Was ist denn die Frage?

Wenn du nur ein JRE 1.6 auf deiner Kiste am laufen hast, kannst du eben keine Klassen ausführen die für Java 7 kompiliert wurden, ist doch logisch.


----------



## AFlieger (26. Okt 2011)

> Irgendwie verstehe ich dieses Konzept aber nicht, denn ich fänds irgendwie logischer wenn die Plugins die mit JDK 1.7 oder höher entwickelt wurden abwärtskompatibel sein sollten, und nicht unbedingt mit JDK 1.6 zu entwickeln sind. Dem ist halt aber nicht so.



In Java 7 sind Spracherweiterungen hinzugekommen. Stichwort "Project Coin". Wie soll das mit der Abwärtskompatibilität funktionieren?


----------



## Gast2 (26. Okt 2011)

Die sind ja auch abwärtskompatibel. Das heisst, dass man Java 6 Klassen in 7 nutzen kann und nicht umgekehrt. 

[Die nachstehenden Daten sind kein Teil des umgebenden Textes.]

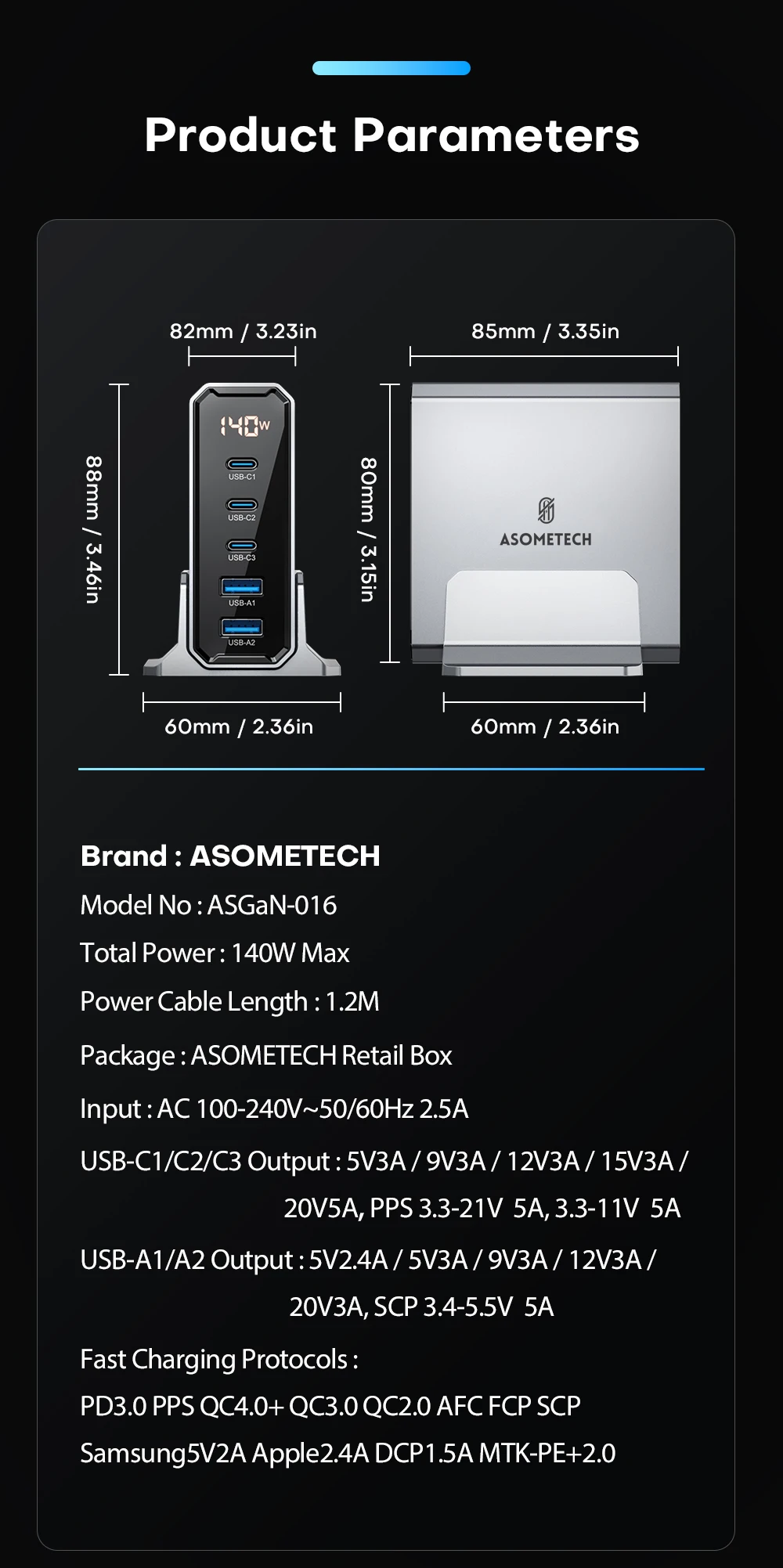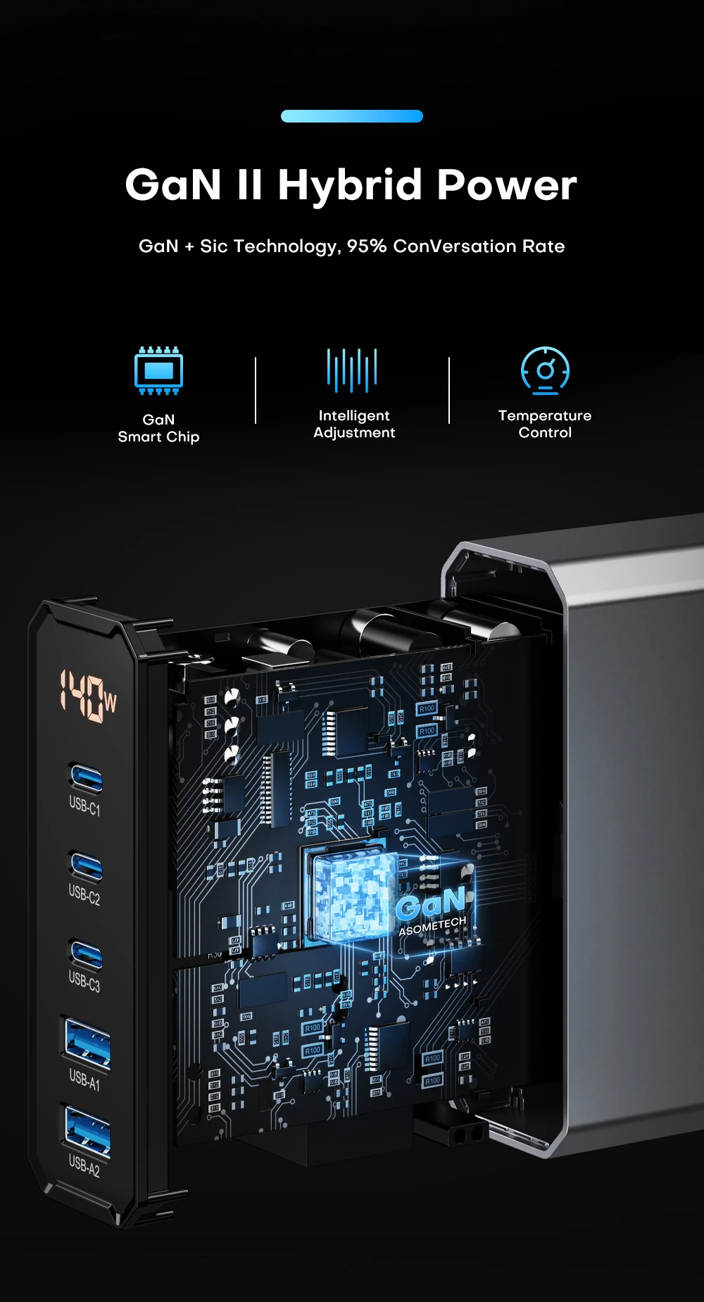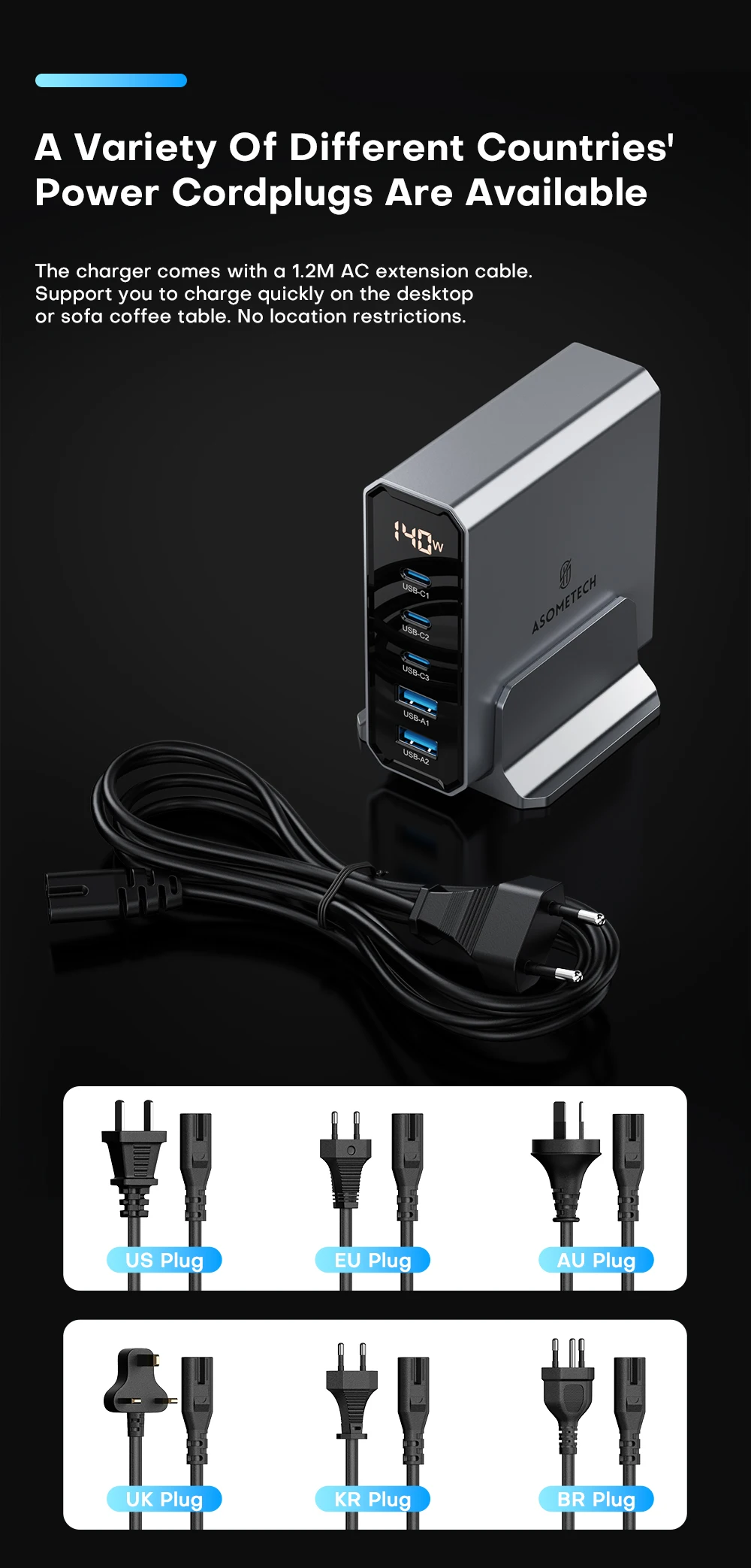 ASOMETECH 140W 5-Ports Desktop GaN Charger
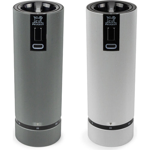 De Peugeot LINE U'SELECT elektrische peper- en zoutmolen set uit de Line serie is een stijlvolle en functionele toevoeging aan elke keuken. Deze hoogwaardige molens, gemaakt van geribbeld aluminium, combineren een elegant design met gebruiksgemak. De zoutmolen heeft een aluminiumkleur, terwijl de pepermolen een donkerdere carbonkleur heeft. Hierdoor houd je ze gemakkelijk uit elkaar en gebruik je ze als perfecte smaakmakers voor elk gerecht. Dankzij de 6 instelbare maalstanden kies je eenvoudig de juiste maalgraad met de u'Select functie aan de onderzijde. De molens werken op een krachtige lithium-ionbatterij die snel oplaadt en lang meegaat.

Was du versuchst (eine 7er Klasse in 6 zu nutzen) nennt man Aufwärtskompatibilität. Das geht natürlich nicht!


----------



## L-ectron-X (26. Okt 2011)

Man könnte da am Besten das Hauptprogramm bei neuen JDK-Versionen mit der jeweils aktuellen Version kompilieren und das Programm gleich eine Versionsnummer nach oben schalten, um anzuzeigen, dass es angepasst wurde.


----------



## AFlieger (26. Okt 2011)

@kappesf

du hast natürlich Recht. :toll:


----------



## FerFemNemBem (26. Okt 2011)

Halloechen,

Du kannst auch einfach den Hinweis (in der readme.txt o.ä.) geben, dass der Plugin-Ersteller mit "-target 1.6" compilieren soll. Sprach und Syntaxerweiterungen des 7er JDK kann er dann natuerlich nicht nutzen.

Gruss, FFNB.


----------



## BlubBlub (28. Okt 2011)

> Du kannst auch einfach den Hinweis (in der readme.txt o.ä.) geben, dass der Plugin-Ersteller mit "-target 1.6" compilieren soll. Sprach und Syntaxerweiterungen des 7er JDK kann er dann natuerlich nicht nutzen.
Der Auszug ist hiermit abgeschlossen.